• HOW TO COMPLETE THIS TASK:
Output all of the data exactly, keeping any images out of the copy.

(Records from a dataset)
* * * * *

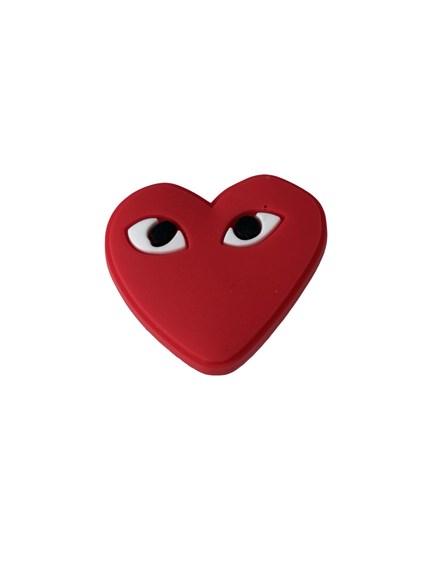 This Red Play Heart Croc Charm is a playful addition to any shoe, featuring a vibrant red heart design. Made with high-quality materials, this charm is a stylish and fun way to personalize your shoes. Add a touch of whimsy to your footwear with the Red Play Heart Croc Charm.
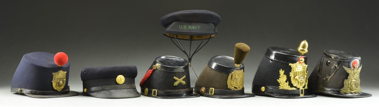 4) MARINES. A late 19th century Marine Corps shako with a dark blue felt body with vent hole in the crown. Shield front plate with central EGA. Chinstrap is terminated by small Marine Corps buttons. Leather visor. Large interior label “CHAS. F. BUSH, CONTRACT OF 1890, MILITARY, NAVAL GOODS, AND ALL KINDS OF Society Regalia, 387 WASHINGTON STREET, BOSTON.” Hat is equipped with a small red spherical pompom. CONDITION: shako remains quite strong but shows areas of significant mothing.
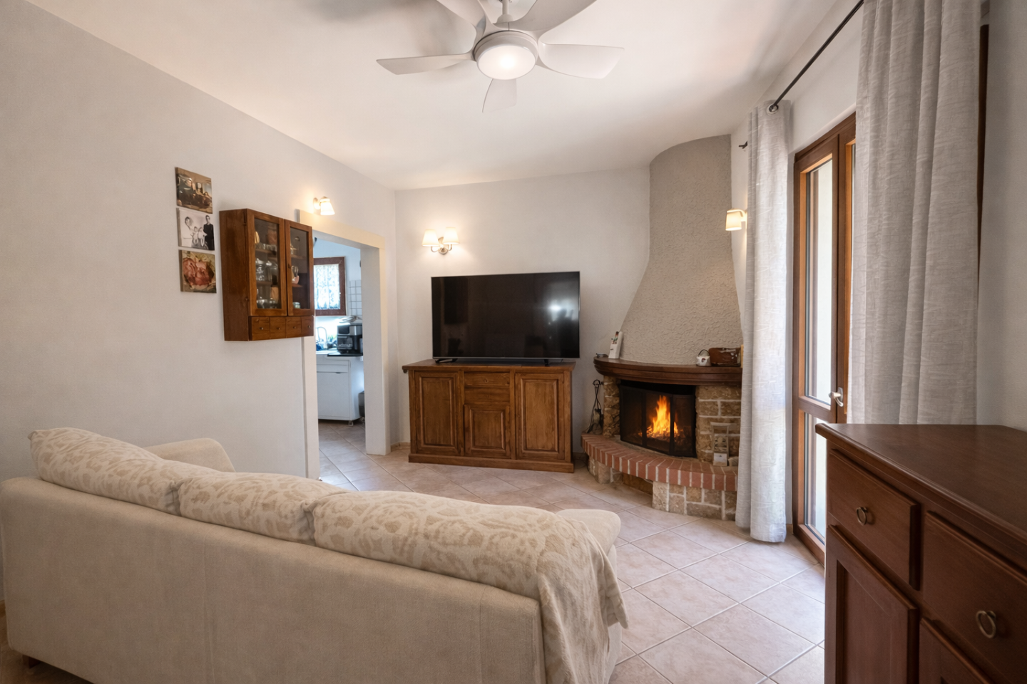 Lingresso, attraverso il resede e il giardino esclusivo, accompagna in un ambiente accogliente e ben distribuito: il grande disimpegno introduce al salone, luminoso e conviviale, affiancato da un tinello con camino, perfetto per vivere momenti autentici in famiglia.
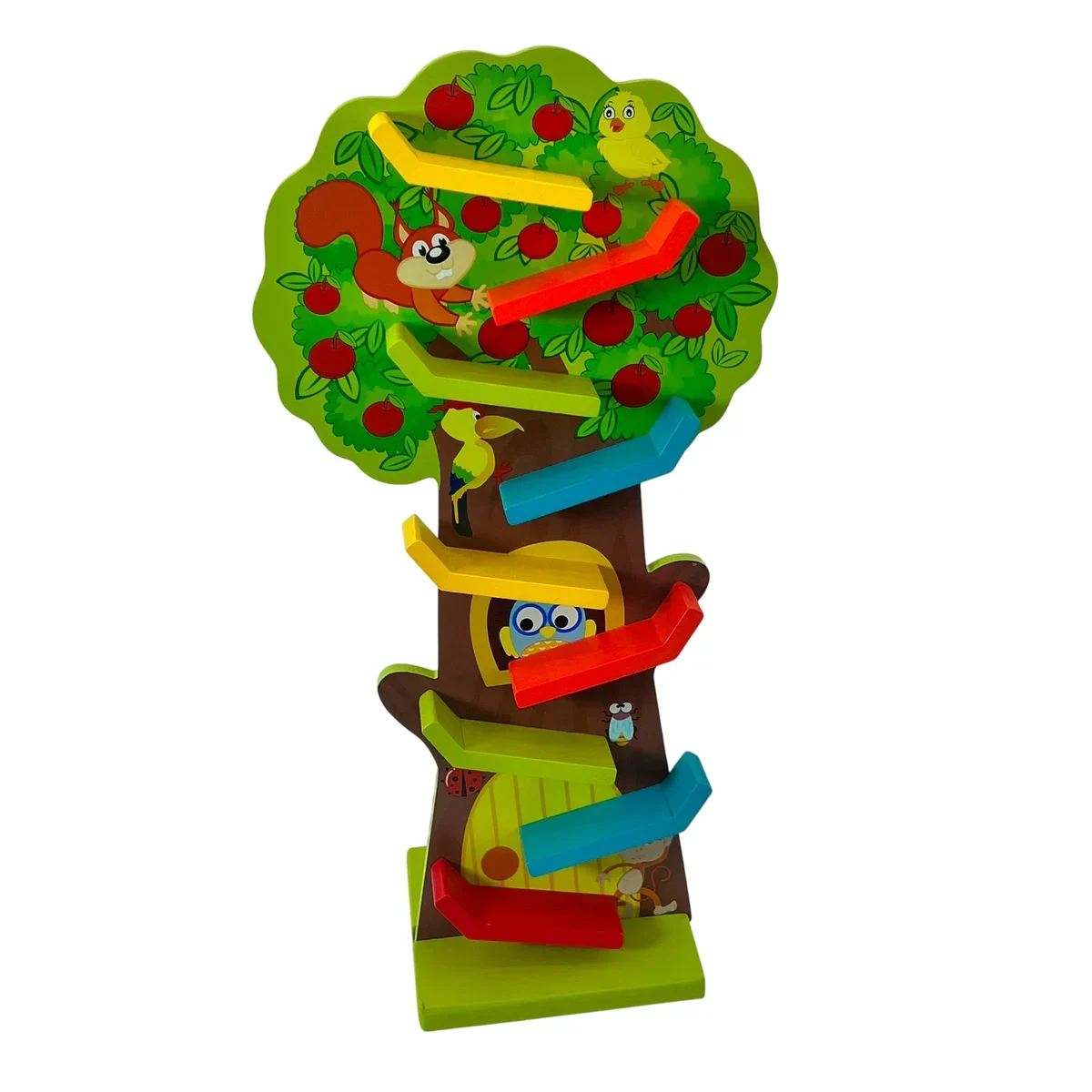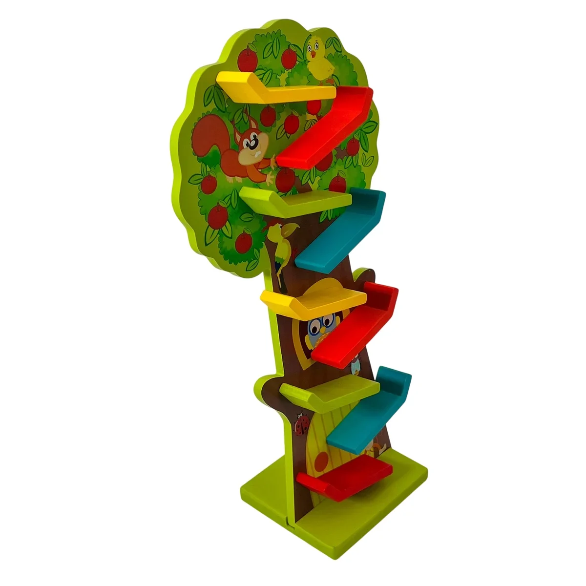 Comandă acum jucăria din lemn tip pom cu rampă de bile și oferă copilului tău o activitate educativă și distractivă!
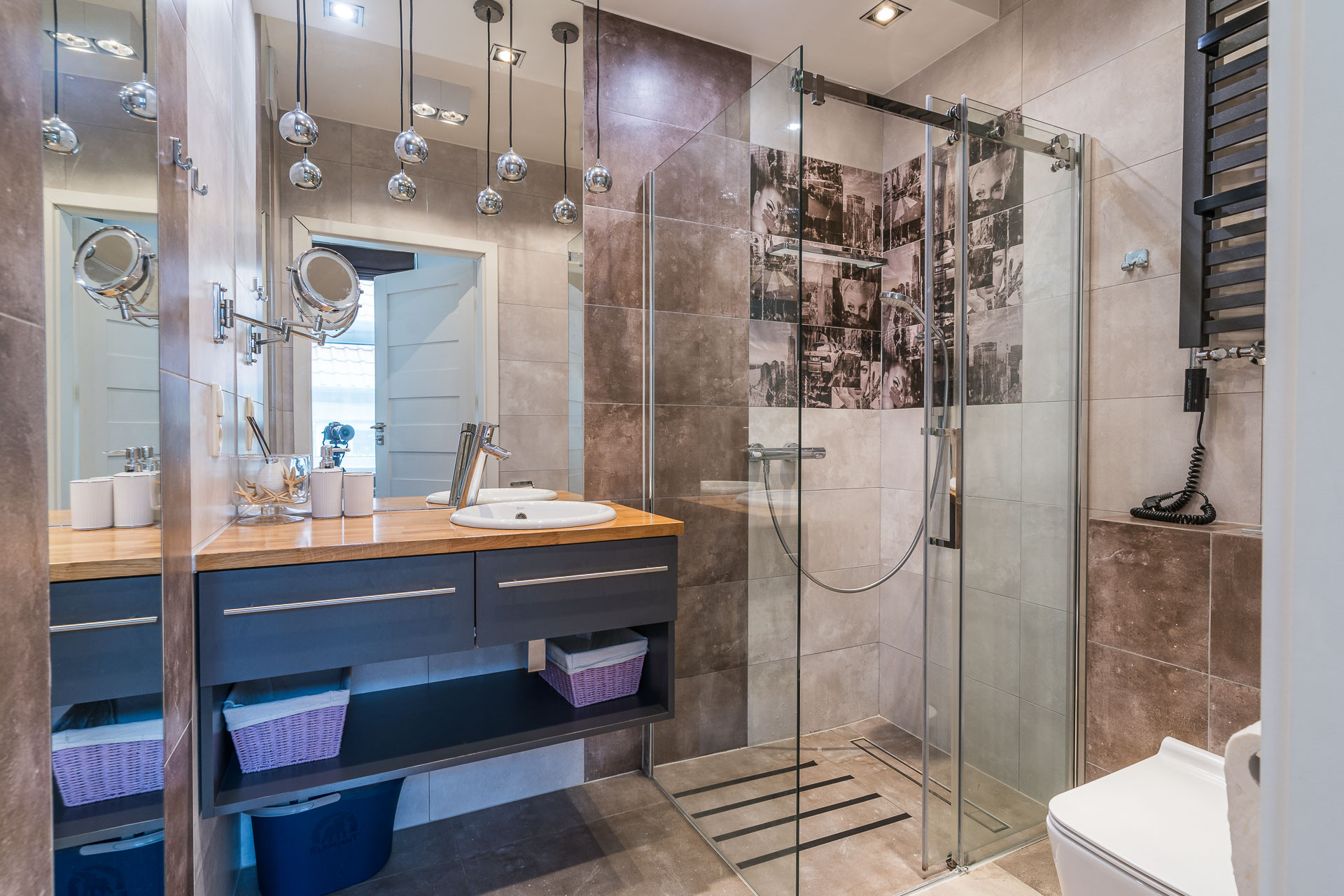 – łazienka: z prysznicem, umywalką, lustrem oraz WC.

* * * * *

• SOLUTION:
 This Red Play Heart Croc Charm is a playful addition to any shoe, featuring a vibrant red heart design. Made with high-quality materials, this charm is a stylish and fun way to personalize your shoes. Add a touch of whimsy to your footwear with the Red Play Heart Croc Charm.
 4) MARINES. A late 19th century Marine Corps shako with a dark blue felt body with vent hole in the crown. Shield front plate with central EGA. Chinstrap is terminated by small Marine Corps buttons. Leather visor. Large interior label “CHAS. F. BUSH, CONTRACT OF 1890, MILITARY, NAVAL GOODS, AND ALL KINDS OF Society Regalia, 387 WASHINGTON STREET, BOSTON.” Hat is equipped with a small red spherical pompom. CONDITION: shako remains quite strong but shows areas of significant mothing.
 Lingresso, attraverso il resede e il giardino esclusivo, accompagna in un ambiente accogliente e ben distribuito: il grande disimpegno introduce al salone, luminoso e conviviale, affiancato da un tinello con camino, perfetto per vivere momenti autentici in famiglia.
 Comandă acum jucăria din lemn tip pom cu rampă de bile și oferă copilului tău o activitate educativă și distractivă!
 – łazienka: z prysznicem, umywalką, lustrem oraz WC.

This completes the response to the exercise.